■ WORKING DATA
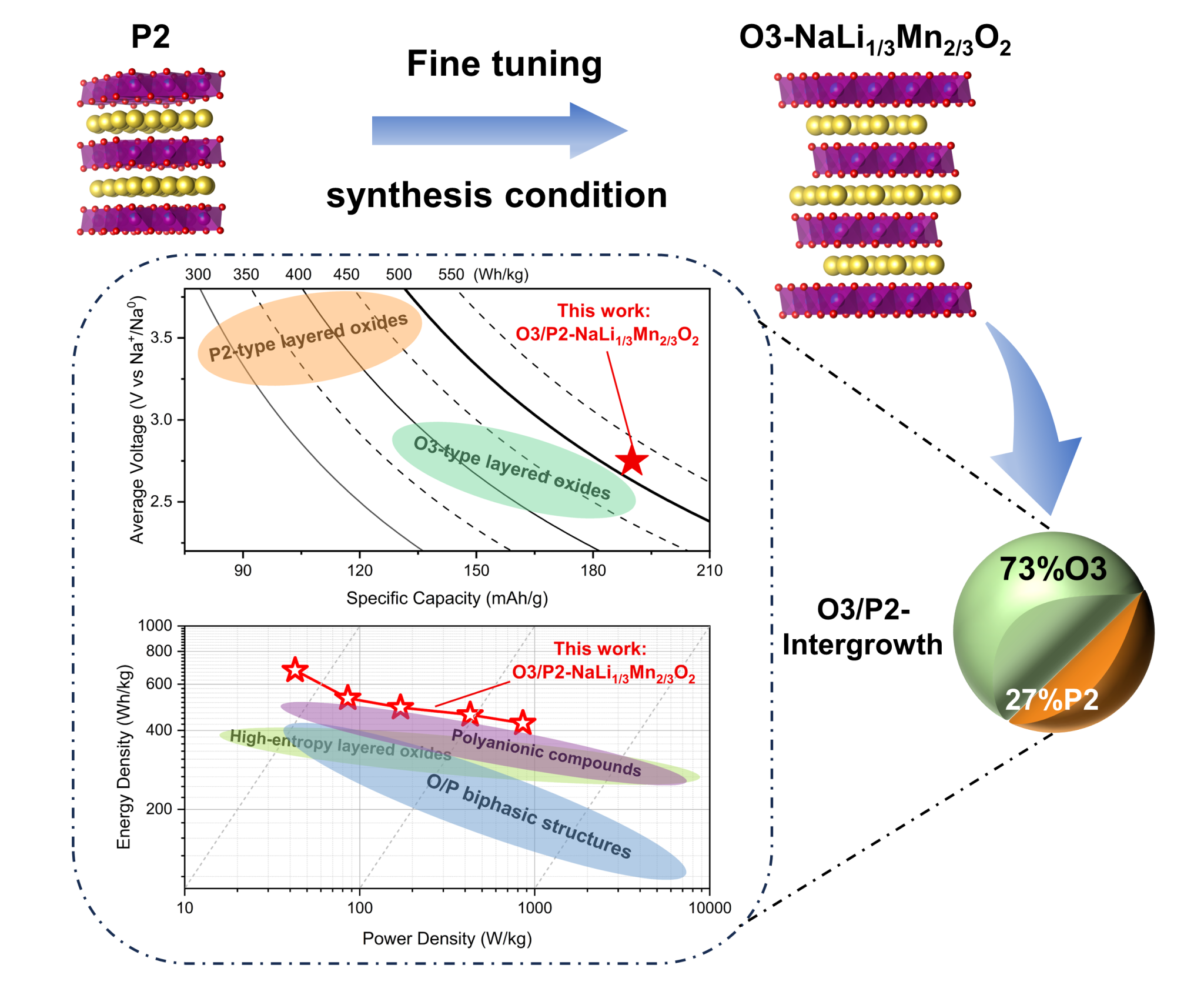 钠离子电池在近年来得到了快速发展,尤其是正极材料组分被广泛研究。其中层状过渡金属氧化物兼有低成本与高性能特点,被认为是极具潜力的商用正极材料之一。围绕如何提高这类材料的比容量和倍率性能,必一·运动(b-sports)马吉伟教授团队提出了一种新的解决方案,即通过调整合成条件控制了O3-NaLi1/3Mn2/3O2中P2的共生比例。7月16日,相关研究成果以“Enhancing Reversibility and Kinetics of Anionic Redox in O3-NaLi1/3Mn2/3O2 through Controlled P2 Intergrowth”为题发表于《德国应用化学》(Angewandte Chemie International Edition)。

---

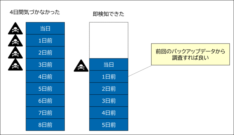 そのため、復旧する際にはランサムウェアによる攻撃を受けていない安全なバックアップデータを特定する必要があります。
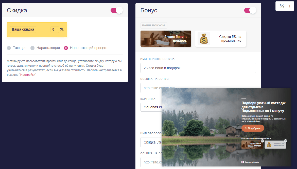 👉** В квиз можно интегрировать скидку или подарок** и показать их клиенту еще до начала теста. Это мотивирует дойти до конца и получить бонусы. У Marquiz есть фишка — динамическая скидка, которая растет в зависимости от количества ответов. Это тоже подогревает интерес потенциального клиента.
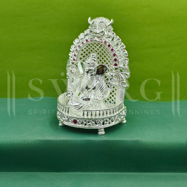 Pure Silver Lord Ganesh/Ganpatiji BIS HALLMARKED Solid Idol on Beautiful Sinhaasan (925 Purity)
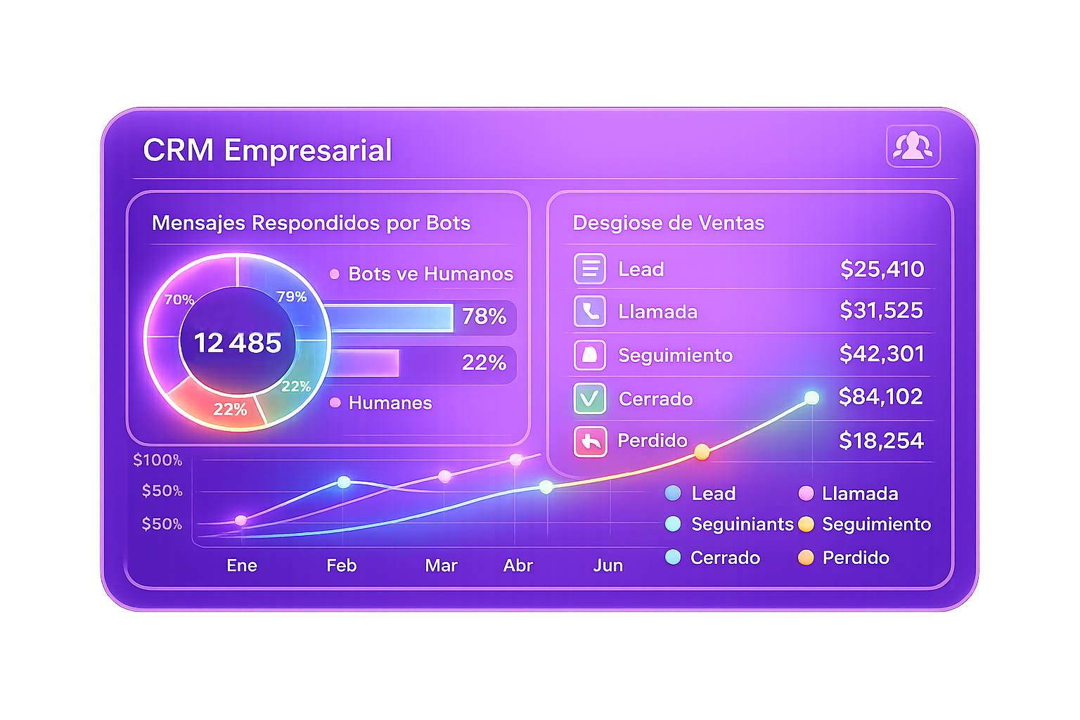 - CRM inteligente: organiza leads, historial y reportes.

...

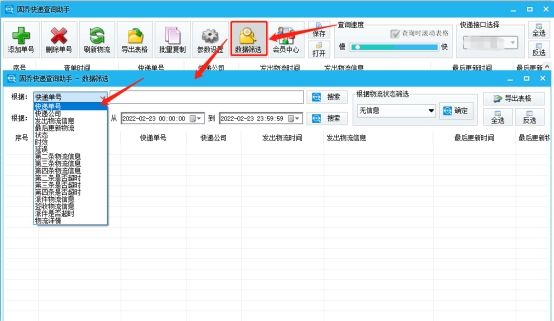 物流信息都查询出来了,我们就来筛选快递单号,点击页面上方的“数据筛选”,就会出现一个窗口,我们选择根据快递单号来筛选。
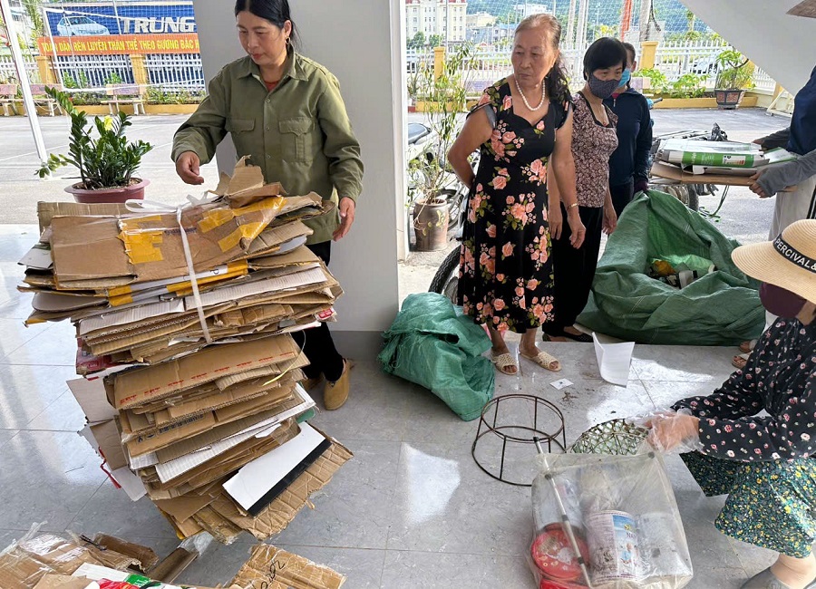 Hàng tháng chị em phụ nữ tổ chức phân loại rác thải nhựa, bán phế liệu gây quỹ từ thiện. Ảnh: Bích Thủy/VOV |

■ DIRECTIONS
Everything from the line with "интерес потенциального клиента." through the line with "- CRM inteligente: organiza" in the material above should be transcribed exactly, except the pictures.

■ RESULT
 👉** В квиз можно интегрировать скидку или подарок** и показать их клиенту еще до начала теста. Это мотивирует дойти до конца и получить бонусы. У Marquiz есть фишка — динамическая скидка, которая растет в зависимости от количества ответов. Это тоже подогревает интерес потенциального клиента.
 Pure Silver Lord Ganesh/Ganpatiji BIS HALLMARKED Solid Idol on Beautiful Sinhaasan (925 Purity)
 - CRM inteligente: organiza leads, historial y reportes.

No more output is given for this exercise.